EXTRACTED DATA section start

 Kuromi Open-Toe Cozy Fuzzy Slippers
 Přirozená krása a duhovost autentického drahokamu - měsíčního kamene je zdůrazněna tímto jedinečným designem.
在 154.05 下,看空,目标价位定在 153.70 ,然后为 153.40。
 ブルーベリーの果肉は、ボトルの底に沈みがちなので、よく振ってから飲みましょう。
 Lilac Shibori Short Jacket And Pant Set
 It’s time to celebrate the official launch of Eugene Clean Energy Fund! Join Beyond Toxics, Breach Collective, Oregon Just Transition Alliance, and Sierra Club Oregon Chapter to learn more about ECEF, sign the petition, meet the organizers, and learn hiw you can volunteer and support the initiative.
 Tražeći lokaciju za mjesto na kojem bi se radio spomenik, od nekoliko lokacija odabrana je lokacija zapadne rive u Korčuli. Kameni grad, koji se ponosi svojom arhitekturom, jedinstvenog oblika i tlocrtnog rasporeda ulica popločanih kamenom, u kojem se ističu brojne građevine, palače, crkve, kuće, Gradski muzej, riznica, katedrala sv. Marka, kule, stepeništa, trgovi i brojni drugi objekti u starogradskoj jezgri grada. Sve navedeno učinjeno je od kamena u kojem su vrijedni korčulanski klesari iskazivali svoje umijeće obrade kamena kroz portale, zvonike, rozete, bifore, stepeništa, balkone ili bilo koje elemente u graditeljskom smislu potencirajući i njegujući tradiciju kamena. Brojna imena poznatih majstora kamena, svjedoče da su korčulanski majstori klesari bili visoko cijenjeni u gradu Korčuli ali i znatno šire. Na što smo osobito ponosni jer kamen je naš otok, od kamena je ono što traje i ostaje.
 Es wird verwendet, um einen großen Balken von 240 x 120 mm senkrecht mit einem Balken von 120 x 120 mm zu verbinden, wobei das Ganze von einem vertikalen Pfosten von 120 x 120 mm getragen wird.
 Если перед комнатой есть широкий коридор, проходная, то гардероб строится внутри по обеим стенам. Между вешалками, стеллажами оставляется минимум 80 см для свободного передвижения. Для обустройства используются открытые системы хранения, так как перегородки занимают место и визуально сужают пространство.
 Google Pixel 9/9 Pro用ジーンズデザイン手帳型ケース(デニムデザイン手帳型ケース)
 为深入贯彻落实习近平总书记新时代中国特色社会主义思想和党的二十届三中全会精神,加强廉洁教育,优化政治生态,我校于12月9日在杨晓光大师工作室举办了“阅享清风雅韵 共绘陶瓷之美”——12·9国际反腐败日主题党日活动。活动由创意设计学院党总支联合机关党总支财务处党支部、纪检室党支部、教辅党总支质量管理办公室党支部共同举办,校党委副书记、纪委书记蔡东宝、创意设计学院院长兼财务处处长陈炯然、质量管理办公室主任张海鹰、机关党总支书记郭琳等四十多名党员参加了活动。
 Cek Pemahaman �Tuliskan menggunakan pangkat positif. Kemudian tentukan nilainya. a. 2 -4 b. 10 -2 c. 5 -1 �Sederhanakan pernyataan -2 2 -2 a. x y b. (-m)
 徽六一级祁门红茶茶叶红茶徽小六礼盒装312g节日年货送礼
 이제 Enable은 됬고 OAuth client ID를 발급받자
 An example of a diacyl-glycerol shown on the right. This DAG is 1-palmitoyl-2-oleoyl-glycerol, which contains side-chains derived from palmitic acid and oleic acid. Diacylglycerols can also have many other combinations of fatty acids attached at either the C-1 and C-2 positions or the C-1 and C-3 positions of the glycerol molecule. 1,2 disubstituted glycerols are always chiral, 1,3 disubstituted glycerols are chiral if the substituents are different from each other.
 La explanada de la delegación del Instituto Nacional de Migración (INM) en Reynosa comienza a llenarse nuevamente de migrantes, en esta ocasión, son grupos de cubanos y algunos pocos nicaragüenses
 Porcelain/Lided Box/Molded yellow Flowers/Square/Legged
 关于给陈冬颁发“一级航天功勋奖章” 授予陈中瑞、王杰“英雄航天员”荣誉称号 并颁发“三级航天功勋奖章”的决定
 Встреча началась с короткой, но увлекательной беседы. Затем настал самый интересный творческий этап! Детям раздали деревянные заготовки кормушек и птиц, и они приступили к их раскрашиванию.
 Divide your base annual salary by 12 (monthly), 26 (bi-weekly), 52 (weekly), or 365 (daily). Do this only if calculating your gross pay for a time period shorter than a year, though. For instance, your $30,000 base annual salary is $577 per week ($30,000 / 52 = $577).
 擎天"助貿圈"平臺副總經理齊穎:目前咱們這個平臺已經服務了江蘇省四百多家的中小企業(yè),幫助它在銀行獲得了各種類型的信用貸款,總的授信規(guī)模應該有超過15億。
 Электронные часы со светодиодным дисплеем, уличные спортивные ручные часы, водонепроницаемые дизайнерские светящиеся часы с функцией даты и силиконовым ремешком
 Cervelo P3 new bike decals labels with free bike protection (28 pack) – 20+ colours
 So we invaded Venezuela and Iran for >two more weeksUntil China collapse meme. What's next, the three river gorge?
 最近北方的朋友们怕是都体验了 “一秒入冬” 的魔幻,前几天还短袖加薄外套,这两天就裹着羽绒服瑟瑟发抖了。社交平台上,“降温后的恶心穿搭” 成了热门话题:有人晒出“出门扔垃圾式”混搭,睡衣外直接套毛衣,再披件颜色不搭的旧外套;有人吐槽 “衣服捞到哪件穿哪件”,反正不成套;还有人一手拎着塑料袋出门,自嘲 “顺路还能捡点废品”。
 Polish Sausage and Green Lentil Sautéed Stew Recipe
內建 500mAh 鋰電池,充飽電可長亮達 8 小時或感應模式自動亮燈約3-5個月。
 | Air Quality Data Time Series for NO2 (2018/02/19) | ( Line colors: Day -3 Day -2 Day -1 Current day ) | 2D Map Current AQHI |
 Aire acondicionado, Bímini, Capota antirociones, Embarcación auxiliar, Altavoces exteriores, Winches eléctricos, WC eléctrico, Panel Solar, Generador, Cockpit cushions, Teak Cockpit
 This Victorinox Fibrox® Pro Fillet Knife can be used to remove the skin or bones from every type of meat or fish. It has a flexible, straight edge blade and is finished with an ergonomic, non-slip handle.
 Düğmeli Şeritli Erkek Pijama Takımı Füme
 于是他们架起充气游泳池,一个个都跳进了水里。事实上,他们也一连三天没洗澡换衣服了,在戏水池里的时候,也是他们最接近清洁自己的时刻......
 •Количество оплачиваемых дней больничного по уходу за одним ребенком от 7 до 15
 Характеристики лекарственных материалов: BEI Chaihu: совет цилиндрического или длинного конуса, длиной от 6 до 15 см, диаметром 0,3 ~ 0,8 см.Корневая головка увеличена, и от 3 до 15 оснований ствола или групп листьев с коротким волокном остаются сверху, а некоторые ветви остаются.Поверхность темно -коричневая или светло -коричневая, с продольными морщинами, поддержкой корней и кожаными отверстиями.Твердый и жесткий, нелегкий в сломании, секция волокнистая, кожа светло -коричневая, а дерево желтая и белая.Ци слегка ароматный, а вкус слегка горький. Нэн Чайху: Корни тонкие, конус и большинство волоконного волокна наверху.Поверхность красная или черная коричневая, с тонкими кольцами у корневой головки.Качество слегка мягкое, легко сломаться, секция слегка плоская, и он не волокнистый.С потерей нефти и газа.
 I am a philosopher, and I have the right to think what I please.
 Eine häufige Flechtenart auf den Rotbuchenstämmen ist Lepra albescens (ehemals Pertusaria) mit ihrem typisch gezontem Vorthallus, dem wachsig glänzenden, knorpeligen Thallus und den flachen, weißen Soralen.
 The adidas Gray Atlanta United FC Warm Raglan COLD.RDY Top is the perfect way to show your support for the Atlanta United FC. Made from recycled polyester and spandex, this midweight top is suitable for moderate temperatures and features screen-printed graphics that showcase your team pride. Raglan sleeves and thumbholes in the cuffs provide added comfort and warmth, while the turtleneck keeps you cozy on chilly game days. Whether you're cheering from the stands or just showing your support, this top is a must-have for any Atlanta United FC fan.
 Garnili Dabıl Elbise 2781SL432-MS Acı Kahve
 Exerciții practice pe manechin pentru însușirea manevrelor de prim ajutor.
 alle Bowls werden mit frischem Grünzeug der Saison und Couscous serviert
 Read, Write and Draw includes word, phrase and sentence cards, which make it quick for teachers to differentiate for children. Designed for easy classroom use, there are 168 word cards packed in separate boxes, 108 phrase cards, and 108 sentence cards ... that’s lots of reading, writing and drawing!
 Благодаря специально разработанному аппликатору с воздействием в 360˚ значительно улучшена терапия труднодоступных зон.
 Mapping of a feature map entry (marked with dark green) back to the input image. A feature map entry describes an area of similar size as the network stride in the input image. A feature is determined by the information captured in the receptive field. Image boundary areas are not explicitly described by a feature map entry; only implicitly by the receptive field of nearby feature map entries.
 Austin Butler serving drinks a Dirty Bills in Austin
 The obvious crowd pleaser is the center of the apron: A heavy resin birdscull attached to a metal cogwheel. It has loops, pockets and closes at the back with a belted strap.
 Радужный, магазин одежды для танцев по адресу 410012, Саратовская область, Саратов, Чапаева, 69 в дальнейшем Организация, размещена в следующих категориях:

EXTRACTED DATA section end

▶ TASK TO CARRY OUT
Using the listing above, show each line holding the string "right".

▶ EXERCISE ANSWER
 An example of a diacyl-glycerol shown on the right. This DAG is 1-palmitoyl-2-oleoyl-glycerol, which contains side-chains derived from palmitic acid and oleic acid. Diacylglycerols can also have many other combinations of fatty acids attached at either the C-1 and C-2 positions or the C-1 and C-3 positions of the glycerol molecule. 1,2 disubstituted glycerols are always chiral, 1,3 disubstituted glycerols are chiral if the substituents are different from each other.
 I am a philosopher, and I have the right to think what I please.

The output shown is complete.